(Beginning of DATA RECORDS)

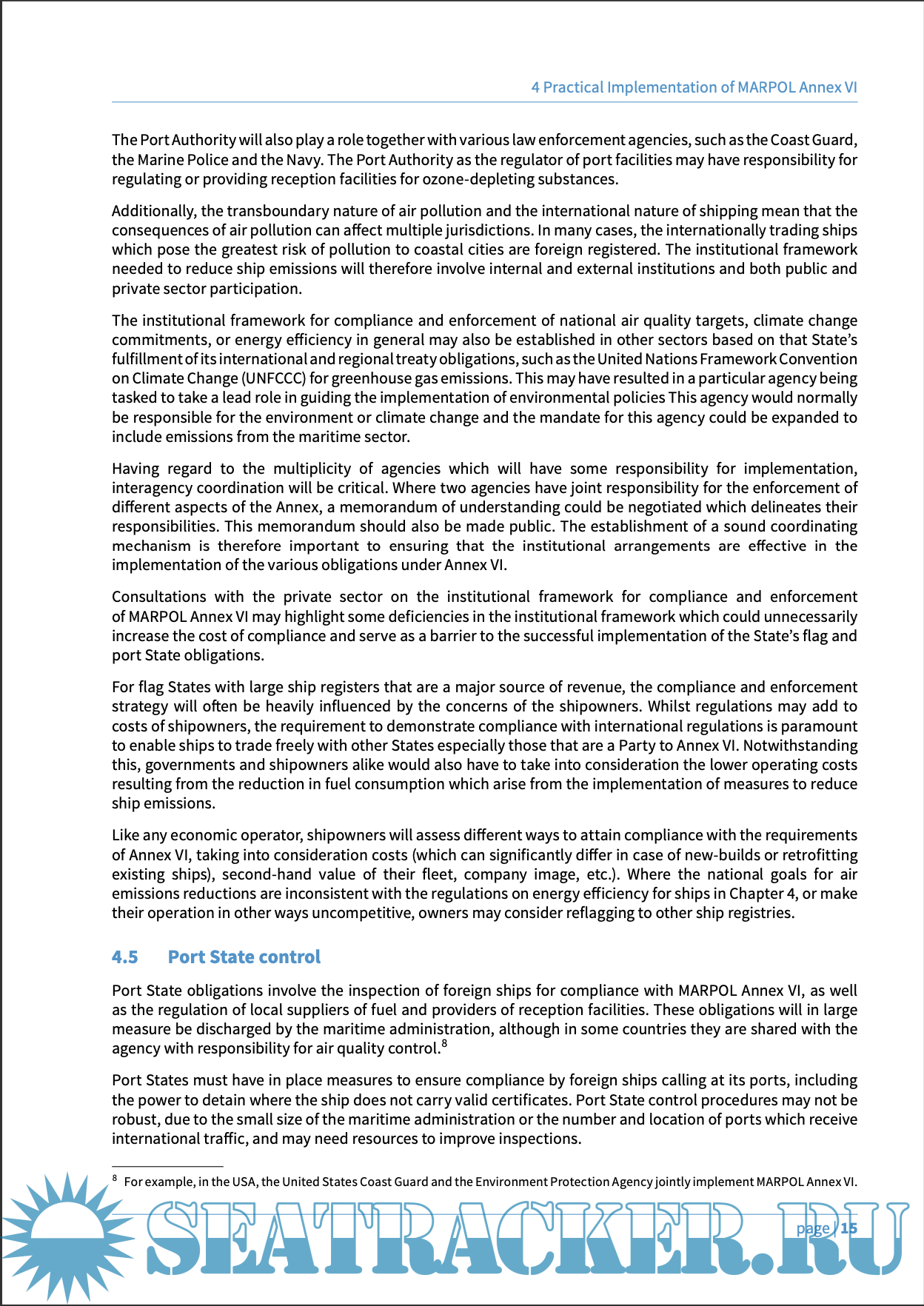 Year: 2018 Language: english Author: University Maritime Advisory Services Genre: Guide Publisher: GloMEEP/IMO Edition: 2018 Format: PDF Quality: eBook Pages count: 52 Description: This guide is a useful tool for States interested in acceding to the 1997 Protocol or for contracting Parties to the 1997 Protocol which have not yet developed the legal framework to implement the regulations in MARPOL Annex VI, and in particular Chapter 4 on energy efficiency for ships, in the domestic legislation. Additional info: The Ship Emissions Toolkit includes three practical guides. While these three individual guides are separate documents and can be used independently, they are complementary and in large parts based on each other.
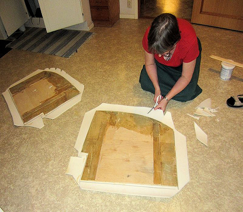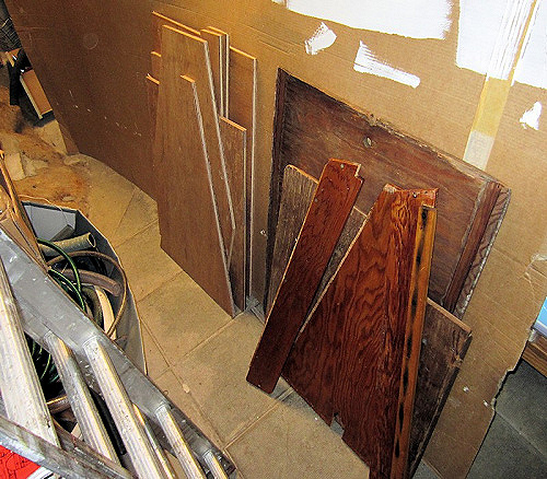 Sågat plywoodbitar, som ska bli nya durkar i salongen och förarplats
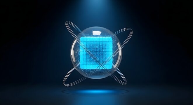 A glowing blue cube with a grid pattern is encased in a transparent sphere, surrounded by orbiting rings, illuminated by a spotlight against a dark background.
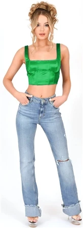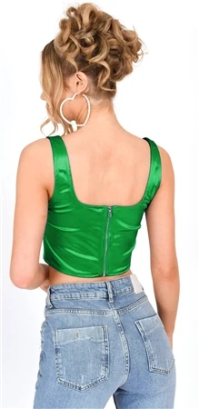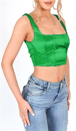 Saint Genies Green Robyn Satin Square Neckline Crop Top
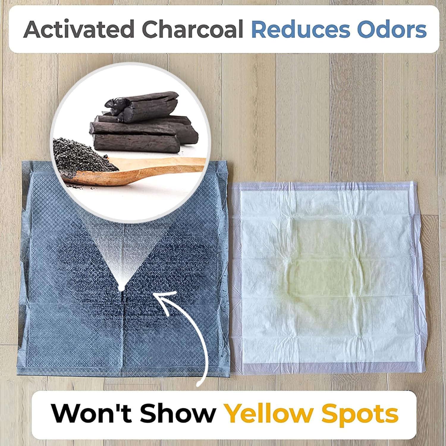 • Odor-Eliminating Charcoal Puppy Pads: Activated charcoal traps & neutralizes dog potty smell. Charcoal in our pee pads for dogs is natural, making our pet pee pads safe for puppies, cats & other small pets. Use them as dog training pads indoors, without worrying about the smell. Ideal dog housebreaking supplies.
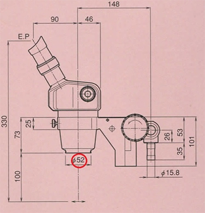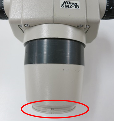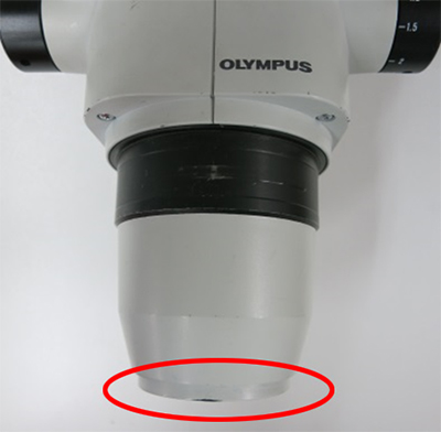 When attaching a general-purpose ring lighting (not a specialized device) to the tip of a stereomicroscope, it can basically be attached if the inner diameter of the ring lighting is larger than the tip of the microscope (red circle in the drawing below).
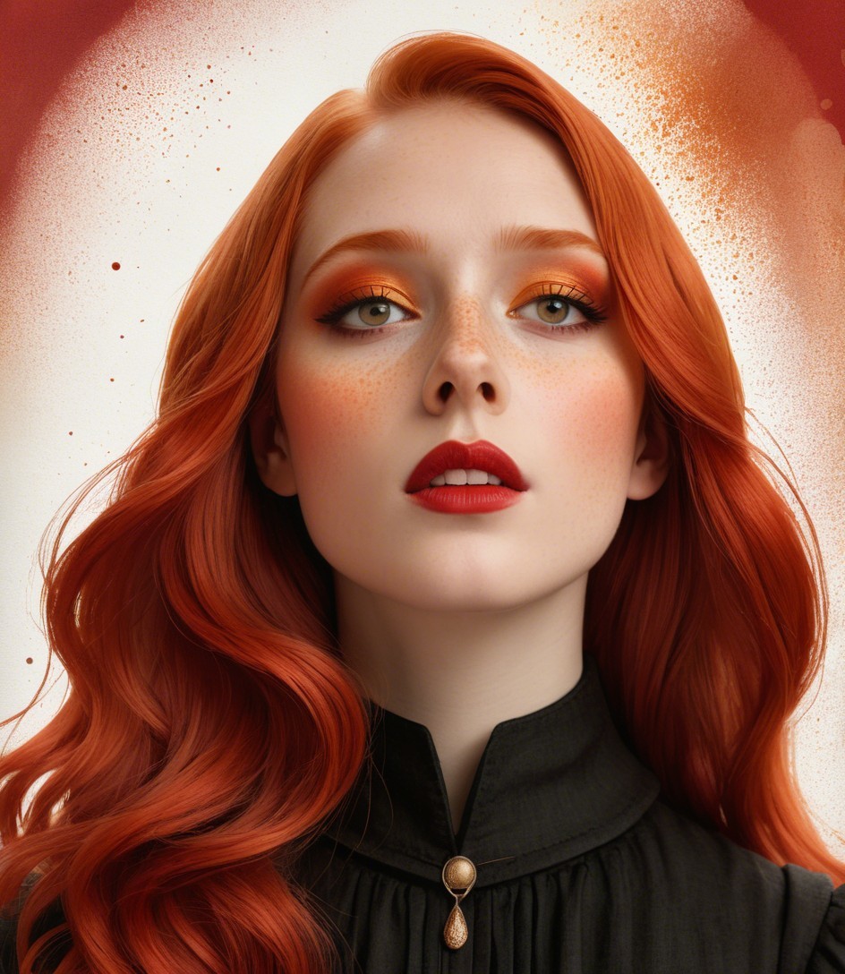 The image features a young woman with flowing, vibrant red hair and radiant makeup, including warm orange tones and a bold lip, set against a soft, watercolor
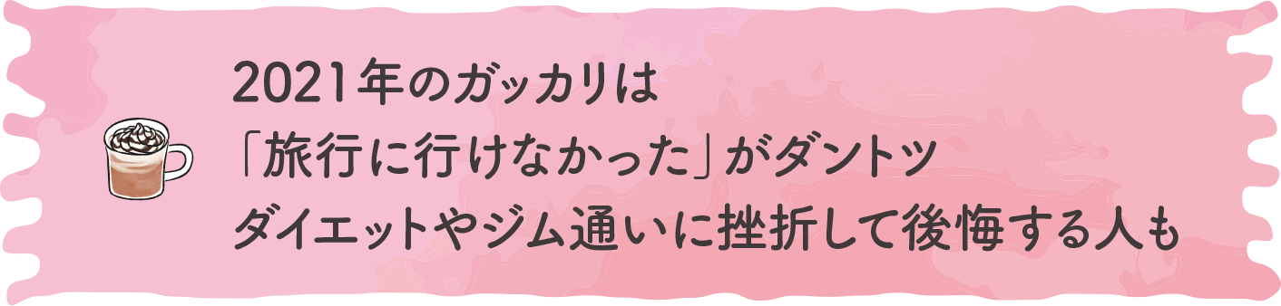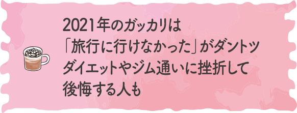 2021年を振り返って、「やり残したこと」や「後悔していること」はありますか?会員のみなさんに聞くと、やはりコロナ禍による自粛の影響が大きかったようです。「旅行ができなかった」をあげた人がダントツでした。「2年続けて海外旅行ができず悔しい!」、「恒例のハワイ旅行が取りやめに(涙)」、「楽しみにしていた趣味の全国大会が中止になった」、あるいは「実家に帰省できなくて無念」、「田舎のお墓参りに行けずじまい」といったお嘆きの声がたくさん寄せられました。

(End of DATA RECORDS)

§ HOW TO COMPLETE THIS TASK
Restate word for word only the lines from where the entries begin through the one with "Sågat plywoodbitar, som"; omit the pictures.

§ EXERCISE SOLUTION
 Year: 2018 Language: english Author: University Maritime Advisory Services Genre: Guide Publisher: GloMEEP/IMO Edition: 2018 Format: PDF Quality: eBook Pages count: 52 Description: This guide is a useful tool for States interested in acceding to the 1997 Protocol or for contracting Parties to the 1997 Protocol which have not yet developed the legal framework to implement the regulations in MARPOL Annex VI, and in particular Chapter 4 on energy efficiency for ships, in the domestic legislation. Additional info: The Ship Emissions Toolkit includes three practical guides. While these three individual guides are separate documents and can be used independently, they are complementary and in large parts based on each other.
 Sågat plywoodbitar, som ska bli nya durkar i salongen och förarplats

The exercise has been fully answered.